SUPPLIED DATA ::
◇ ◇ ◇ ◇ ◇
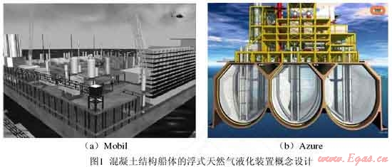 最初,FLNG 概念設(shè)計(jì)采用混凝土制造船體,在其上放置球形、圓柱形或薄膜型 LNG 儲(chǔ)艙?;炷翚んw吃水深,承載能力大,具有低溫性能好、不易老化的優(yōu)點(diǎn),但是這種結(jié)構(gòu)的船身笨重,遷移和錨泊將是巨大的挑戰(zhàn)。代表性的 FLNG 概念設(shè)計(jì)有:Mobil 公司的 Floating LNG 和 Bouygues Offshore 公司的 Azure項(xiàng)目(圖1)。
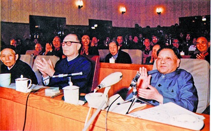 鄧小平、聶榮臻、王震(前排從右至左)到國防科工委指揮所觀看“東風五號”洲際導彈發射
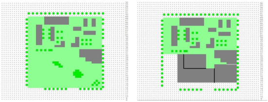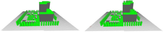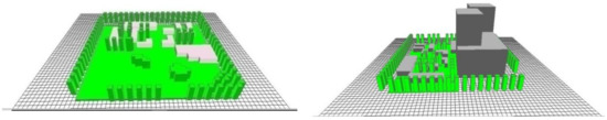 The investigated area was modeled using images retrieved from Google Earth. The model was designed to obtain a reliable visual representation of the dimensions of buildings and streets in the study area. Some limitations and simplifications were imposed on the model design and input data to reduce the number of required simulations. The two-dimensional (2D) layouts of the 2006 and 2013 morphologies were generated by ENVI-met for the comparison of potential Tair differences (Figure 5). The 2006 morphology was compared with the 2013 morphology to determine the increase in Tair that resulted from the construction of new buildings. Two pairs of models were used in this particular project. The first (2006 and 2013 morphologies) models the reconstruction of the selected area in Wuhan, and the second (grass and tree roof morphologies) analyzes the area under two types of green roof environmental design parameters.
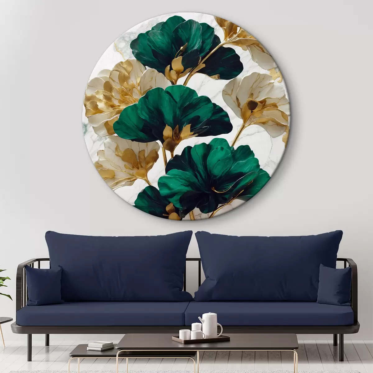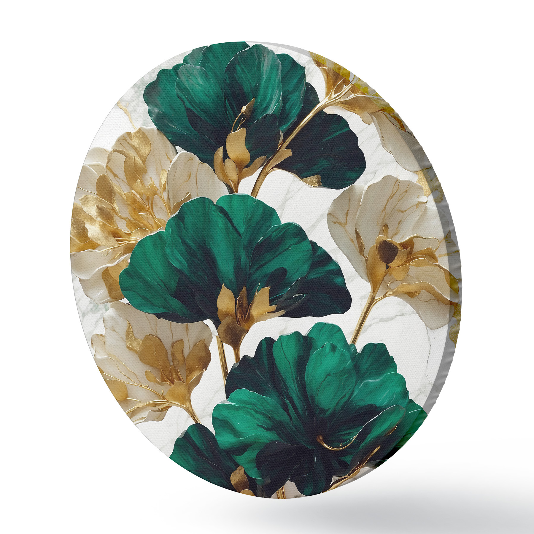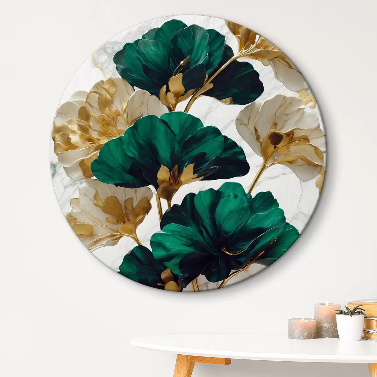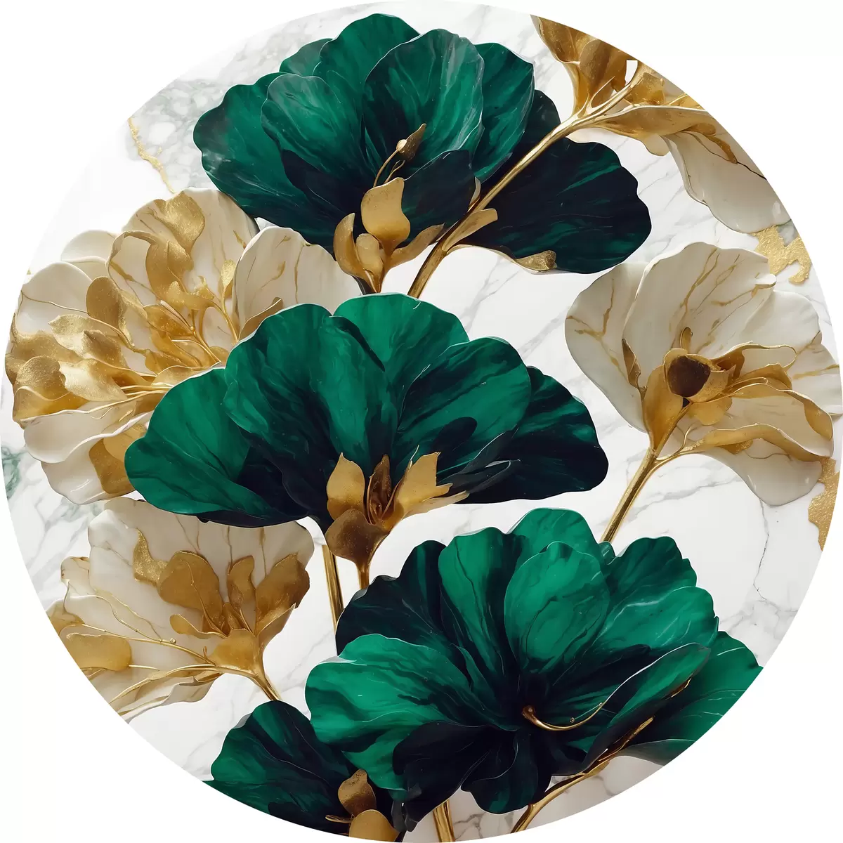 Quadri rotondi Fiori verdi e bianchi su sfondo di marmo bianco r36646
◇ ◇ ◇ ◇ ◇
EXERCISE DIRECTIONS ::
The expected output is every line of the data, unchanged, with the pictures skipped.

EXPECTED OUTPUT ::
 最初,FLNG 概念設(shè)計(jì)采用混凝土制造船體,在其上放置球形、圓柱形或薄膜型 LNG 儲(chǔ)艙?;炷翚んw吃水深,承載能力大,具有低溫性能好、不易老化的優(yōu)點(diǎn),但是這種結(jié)構(gòu)的船身笨重,遷移和錨泊將是巨大的挑戰(zhàn)。代表性的 FLNG 概念設(shè)計(jì)有:Mobil 公司的 Floating LNG 和 Bouygues Offshore 公司的 Azure項(xiàng)目(圖1)。
 鄧小平、聶榮臻、王震(前排從右至左)到國防科工委指揮所觀看“東風五號”洲際導彈發射
 The investigated area was modeled using images retrieved from Google Earth. The model was designed to obtain a reliable visual representation of the dimensions of buildings and streets in the study area. Some limitations and simplifications were imposed on the model design and input data to reduce the number of required simulations. The two-dimensional (2D) layouts of the 2006 and 2013 morphologies were generated by ENVI-met for the comparison of potential Tair differences (Figure 5). The 2006 morphology was compared with the 2013 morphology to determine the increase in Tair that resulted from the construction of new buildings. Two pairs of models were used in this particular project. The first (2006 and 2013 morphologies) models the reconstruction of the selected area in Wuhan, and the second (grass and tree roof morphologies) analyzes the area under two types of green roof environmental design parameters.
 Quadri rotondi Fiori verdi e bianchi su sfondo di marmo bianco r36646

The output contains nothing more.